* [TASK BRIEF]:
Nothing outside the lines below from the one containing "일대 문의 02-3679-1415" through the one containing "Dress, coat, stand, shoes, newsletters, sunglasses, bathing" is to be printed; print those exactly, ends included, and drop the pictures.

* [DATASET RECORDS]:
=-=-=-=-=

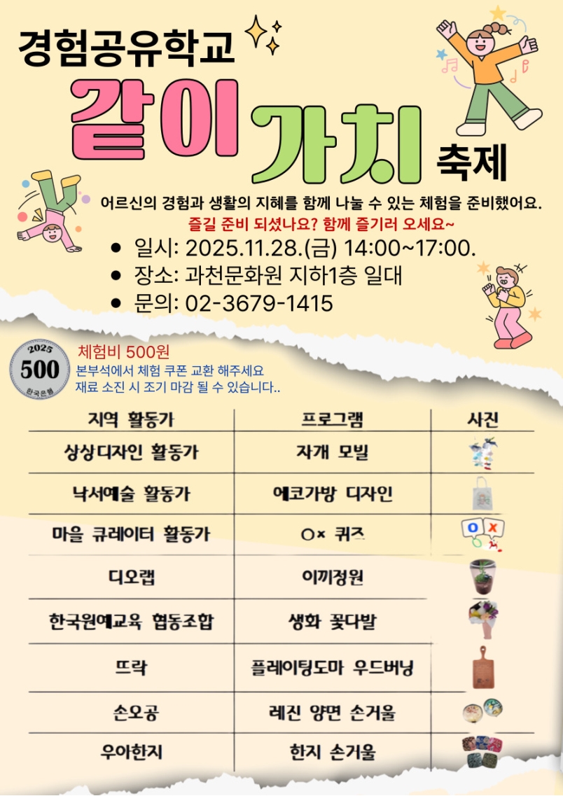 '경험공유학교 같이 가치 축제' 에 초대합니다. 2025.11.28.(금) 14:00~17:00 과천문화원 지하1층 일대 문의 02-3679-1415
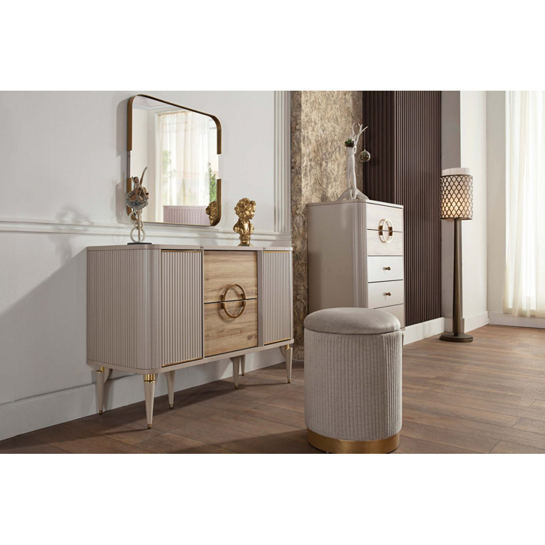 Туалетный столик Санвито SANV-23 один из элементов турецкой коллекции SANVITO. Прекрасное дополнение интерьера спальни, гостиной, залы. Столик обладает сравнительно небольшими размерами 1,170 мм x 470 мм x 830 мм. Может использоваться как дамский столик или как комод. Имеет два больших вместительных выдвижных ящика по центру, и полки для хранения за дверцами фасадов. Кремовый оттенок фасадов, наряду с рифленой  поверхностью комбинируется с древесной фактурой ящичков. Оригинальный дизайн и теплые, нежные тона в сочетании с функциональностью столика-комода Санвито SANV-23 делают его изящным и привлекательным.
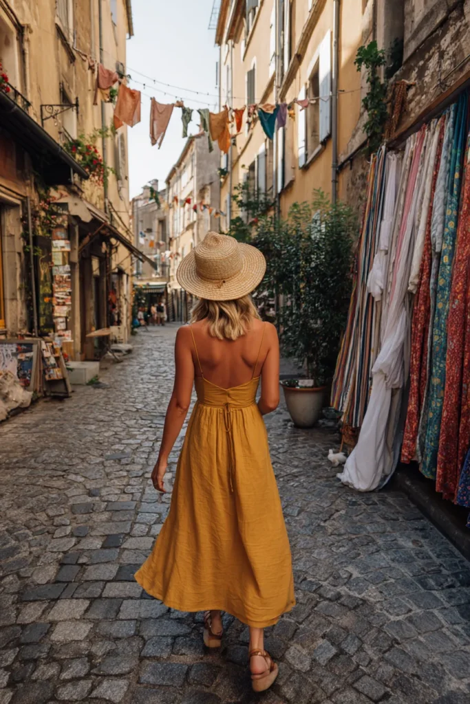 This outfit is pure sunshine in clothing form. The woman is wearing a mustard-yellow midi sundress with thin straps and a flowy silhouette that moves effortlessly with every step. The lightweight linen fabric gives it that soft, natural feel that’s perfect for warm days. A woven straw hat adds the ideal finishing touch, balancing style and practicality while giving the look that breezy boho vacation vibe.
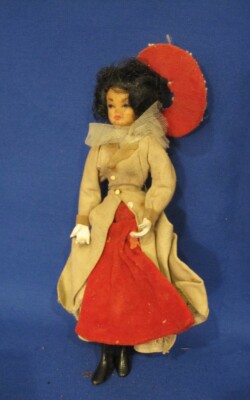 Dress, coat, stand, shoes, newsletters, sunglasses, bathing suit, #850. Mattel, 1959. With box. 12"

=-=-=-=-=

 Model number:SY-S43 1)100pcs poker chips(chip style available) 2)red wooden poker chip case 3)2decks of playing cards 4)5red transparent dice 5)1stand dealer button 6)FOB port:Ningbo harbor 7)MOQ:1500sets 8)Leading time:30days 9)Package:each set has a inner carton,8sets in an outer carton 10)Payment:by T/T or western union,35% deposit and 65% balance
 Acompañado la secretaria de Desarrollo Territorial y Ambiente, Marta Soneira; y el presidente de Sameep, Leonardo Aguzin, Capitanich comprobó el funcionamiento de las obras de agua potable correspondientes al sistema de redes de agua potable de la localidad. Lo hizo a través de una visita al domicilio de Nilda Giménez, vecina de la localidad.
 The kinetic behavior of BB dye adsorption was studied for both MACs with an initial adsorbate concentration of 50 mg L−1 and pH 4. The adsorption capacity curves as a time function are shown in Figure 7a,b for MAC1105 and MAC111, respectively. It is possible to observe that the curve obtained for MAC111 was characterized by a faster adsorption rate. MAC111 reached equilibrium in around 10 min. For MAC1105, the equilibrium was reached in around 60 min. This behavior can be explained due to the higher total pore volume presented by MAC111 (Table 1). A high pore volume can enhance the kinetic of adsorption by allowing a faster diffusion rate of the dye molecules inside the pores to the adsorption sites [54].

=-=-=-=-=

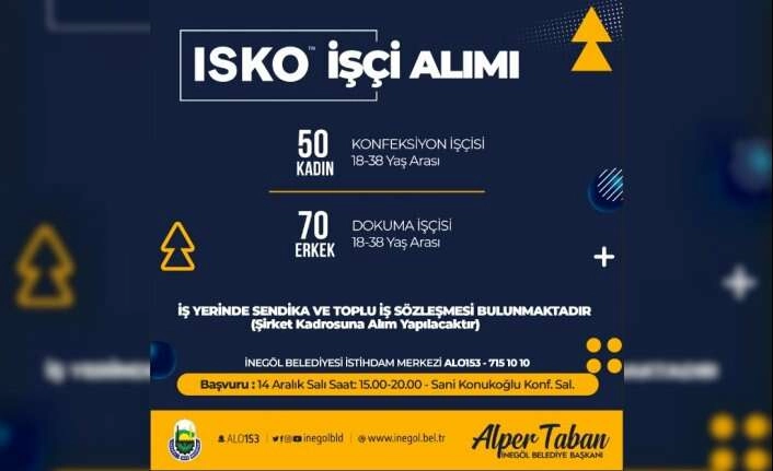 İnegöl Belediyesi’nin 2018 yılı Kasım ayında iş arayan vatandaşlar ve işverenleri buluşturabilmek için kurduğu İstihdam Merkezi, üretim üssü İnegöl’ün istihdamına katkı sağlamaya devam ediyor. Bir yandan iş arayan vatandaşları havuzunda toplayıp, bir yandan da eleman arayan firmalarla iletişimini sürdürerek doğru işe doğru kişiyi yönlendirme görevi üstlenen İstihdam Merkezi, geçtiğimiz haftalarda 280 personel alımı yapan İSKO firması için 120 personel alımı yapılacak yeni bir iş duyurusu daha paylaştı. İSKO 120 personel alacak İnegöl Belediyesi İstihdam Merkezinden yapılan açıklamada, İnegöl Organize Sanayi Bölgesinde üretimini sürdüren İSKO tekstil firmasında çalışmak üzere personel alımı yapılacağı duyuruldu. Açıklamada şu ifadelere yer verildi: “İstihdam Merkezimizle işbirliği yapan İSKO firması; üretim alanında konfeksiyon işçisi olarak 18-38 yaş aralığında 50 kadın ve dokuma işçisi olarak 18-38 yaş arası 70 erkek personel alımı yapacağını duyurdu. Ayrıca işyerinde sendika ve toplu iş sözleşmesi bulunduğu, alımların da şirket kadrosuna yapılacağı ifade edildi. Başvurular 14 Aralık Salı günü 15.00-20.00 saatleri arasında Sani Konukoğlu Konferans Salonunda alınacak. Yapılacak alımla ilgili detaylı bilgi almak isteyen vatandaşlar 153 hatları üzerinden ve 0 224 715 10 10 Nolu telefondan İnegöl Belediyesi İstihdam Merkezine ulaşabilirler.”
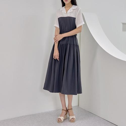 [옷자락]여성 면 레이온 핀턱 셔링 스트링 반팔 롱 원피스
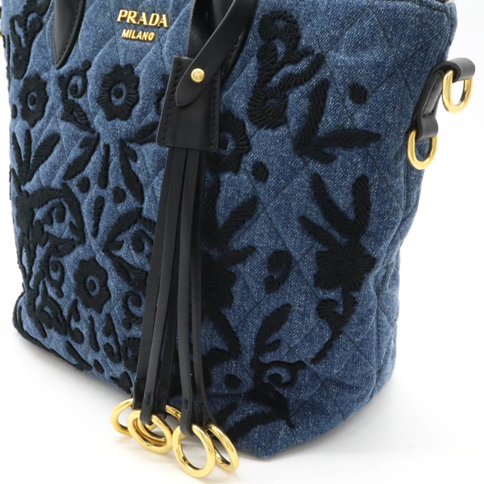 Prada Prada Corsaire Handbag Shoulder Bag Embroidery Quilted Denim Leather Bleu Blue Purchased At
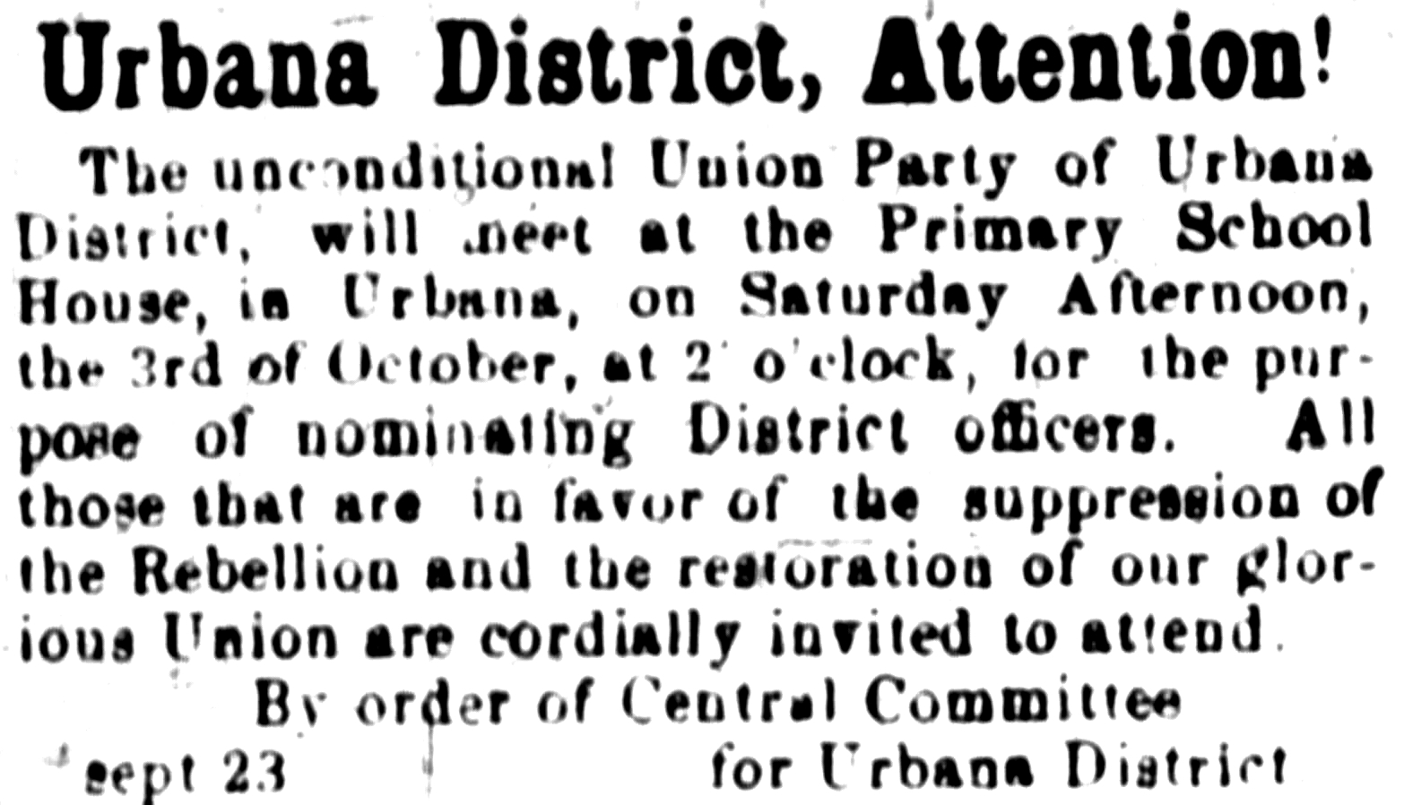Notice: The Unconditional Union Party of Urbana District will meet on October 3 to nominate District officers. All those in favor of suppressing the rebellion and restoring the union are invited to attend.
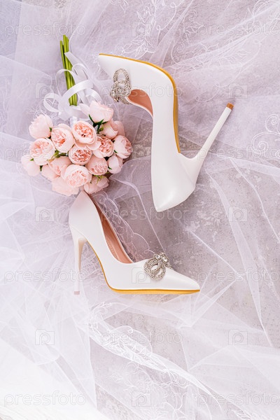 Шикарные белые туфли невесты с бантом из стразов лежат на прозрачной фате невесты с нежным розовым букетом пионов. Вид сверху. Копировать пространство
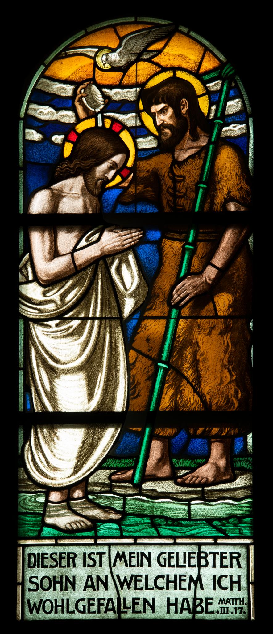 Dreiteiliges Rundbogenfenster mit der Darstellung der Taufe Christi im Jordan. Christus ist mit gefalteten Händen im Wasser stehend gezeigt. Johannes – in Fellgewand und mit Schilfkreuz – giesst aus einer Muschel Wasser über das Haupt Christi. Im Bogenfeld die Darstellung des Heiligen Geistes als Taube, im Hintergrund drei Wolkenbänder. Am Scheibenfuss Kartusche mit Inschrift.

=-=-=-=-=

* [ANSWER]:
 '경험공유학교 같이 가치 축제' 에 초대합니다. 2025.11.28.(금) 14:00~17:00 과천문화원 지하1층 일대 문의 02-3679-1415
 Туалетный столик Санвито SANV-23 один из элементов турецкой коллекции SANVITO. Прекрасное дополнение интерьера спальни, гостиной, залы. Столик обладает сравнительно небольшими размерами 1,170 мм x 470 мм x 830 мм. Может использоваться как дамский столик или как комод. Имеет два больших вместительных выдвижных ящика по центру, и полки для хранения за дверцами фасадов. Кремовый оттенок фасадов, наряду с рифленой  поверхностью комбинируется с древесной фактурой ящичков. Оригинальный дизайн и теплые, нежные тона в сочетании с функциональностью столика-комода Санвито SANV-23 делают его изящным и привлекательным.
 This outfit is pure sunshine in clothing form. The woman is wearing a mustard-yellow midi sundress with thin straps and a flowy silhouette that moves effortlessly with every step. The lightweight linen fabric gives it that soft, natural feel that’s perfect for warm days. A woven straw hat adds the ideal finishing touch, balancing style and practicality while giving the look that breezy boho vacation vibe.
 Dress, coat, stand, shoes, newsletters, sunglasses, bathing suit, #850. Mattel, 1959. With box. 12"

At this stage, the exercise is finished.